Some SNP associations for C-peptide in type 1 diabetes are different from those for type 1 diabetes. Two of the identified variants (rs559047 on chromosome 1 and rs61211515 in the MHC region) have not been previously associated with type 1 diabetes; while rs9260151 and rs3135002 in the MHC region have been associated with type 1 diabetes. The variants associated with C-peptide but not with type 1 diabetes may affect gene expression, and fine-mapping and functional studies are required to determine their effects. However, SFDR analysis suggests that the proportion of type 1 diabetes loci associated with C-peptide is greater than for the rest of the genome; four out of 70 type 1 diabetes loci (HLA-A*24, IL27, INS and PTPN2) that were nominally associated with lower C-peptide levels ranked higher than rs61211515, the top associated SNP in the stimulated C-peptide meta-GWAS. Nevertheless, the composition and magnitude of SNP effects for type 1 diabetes development vs progression could differ, explaining why there is no significant association between type 1 diabetes GRS and C-peptide.

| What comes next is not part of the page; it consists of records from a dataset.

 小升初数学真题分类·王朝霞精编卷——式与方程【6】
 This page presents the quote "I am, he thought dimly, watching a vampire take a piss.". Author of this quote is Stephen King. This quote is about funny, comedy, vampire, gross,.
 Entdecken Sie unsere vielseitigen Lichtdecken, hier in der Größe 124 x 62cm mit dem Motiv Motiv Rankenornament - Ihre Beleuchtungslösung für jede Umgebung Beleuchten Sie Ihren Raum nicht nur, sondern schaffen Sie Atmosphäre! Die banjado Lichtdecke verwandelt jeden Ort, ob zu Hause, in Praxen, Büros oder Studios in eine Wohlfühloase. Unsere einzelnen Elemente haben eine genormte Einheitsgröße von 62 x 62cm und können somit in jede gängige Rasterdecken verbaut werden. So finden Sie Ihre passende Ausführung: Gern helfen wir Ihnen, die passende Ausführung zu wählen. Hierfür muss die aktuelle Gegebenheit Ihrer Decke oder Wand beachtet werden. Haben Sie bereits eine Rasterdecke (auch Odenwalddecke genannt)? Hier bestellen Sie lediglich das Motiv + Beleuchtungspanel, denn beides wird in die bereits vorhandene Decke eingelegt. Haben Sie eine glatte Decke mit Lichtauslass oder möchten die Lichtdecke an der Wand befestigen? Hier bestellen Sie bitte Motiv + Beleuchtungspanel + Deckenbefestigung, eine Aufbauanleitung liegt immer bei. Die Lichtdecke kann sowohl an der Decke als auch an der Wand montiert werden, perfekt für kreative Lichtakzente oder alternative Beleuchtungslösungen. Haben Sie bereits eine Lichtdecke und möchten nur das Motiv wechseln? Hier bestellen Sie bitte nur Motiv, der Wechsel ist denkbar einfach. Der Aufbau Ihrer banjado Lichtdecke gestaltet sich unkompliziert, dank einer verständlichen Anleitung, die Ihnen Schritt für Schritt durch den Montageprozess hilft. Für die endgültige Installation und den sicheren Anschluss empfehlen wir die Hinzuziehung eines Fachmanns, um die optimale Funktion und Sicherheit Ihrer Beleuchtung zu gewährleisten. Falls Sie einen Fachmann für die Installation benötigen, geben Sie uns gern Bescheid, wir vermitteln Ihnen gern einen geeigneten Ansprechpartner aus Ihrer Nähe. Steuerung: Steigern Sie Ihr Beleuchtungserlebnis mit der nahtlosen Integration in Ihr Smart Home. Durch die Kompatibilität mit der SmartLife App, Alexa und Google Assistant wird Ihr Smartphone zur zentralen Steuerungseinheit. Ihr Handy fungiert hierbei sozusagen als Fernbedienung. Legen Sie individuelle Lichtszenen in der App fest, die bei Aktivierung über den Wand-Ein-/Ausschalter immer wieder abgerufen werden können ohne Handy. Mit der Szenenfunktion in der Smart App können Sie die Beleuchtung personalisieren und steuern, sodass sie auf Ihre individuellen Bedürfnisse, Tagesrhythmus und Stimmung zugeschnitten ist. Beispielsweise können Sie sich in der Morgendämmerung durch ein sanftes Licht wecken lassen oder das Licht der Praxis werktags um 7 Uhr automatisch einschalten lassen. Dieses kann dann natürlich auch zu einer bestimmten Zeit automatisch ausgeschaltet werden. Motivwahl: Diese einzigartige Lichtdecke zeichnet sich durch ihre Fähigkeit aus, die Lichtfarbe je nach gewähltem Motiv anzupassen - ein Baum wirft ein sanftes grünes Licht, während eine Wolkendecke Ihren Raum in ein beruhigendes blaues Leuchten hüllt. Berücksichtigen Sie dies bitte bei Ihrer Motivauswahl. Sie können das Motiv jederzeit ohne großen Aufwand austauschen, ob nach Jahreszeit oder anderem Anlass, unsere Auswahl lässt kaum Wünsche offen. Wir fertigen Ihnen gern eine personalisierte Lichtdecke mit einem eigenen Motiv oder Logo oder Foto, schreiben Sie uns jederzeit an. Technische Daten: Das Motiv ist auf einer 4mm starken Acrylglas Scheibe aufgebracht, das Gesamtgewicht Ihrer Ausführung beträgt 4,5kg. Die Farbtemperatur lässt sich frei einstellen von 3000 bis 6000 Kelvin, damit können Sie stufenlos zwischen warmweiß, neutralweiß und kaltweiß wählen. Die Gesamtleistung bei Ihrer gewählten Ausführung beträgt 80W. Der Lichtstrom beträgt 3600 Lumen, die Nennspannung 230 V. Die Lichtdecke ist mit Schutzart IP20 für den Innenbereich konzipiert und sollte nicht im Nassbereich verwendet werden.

Some limitations include that only fasting/random C-peptide measurements were available for about 60% of individuals, whereas stimulated C-peptide is more appropriate to evaluate insulin secretion in type 1 diabetes. In addition, individuals from different cohorts were quite different in terms of their age at diagnosis, diabetes duration and other inclusion/exclusion criteria, all of which may influence C-peptide levels. C-peptide can also be measured with different methods with different lower limits of detection, and these were not standardised among the studies. The mean age at diagnosis ranged from 8.3 years in the EDC study to 21.2 years in the DCCT, and the mean type 1 diabetes duration ranged from 5.6 years in the DCCT to 54.7 years in the Joslin 50-Year Medalist study. Participants from the DCCT, the only study with stimulated C-peptide data, were highly selected as they were diagnosed with type 1 diabetes later in life and had diabetes for a shorter period of time. Therefore, the DCCT had a larger proportion of participants with detectable C-peptide compared with the other studies. This heterogeneity among the cohorts might have reduced the power of the analysis and contributed to non-replication at specific loci.

In conclusion, we have identified a locus on chromosome 1 and multiple variants in the MHC region that are associated with C-peptide levels. However, these associations need to be validated in independent populations. Further investigations could eventually provide insight into mechanisms of beta cell loss and opportunities to preserve beta cell function.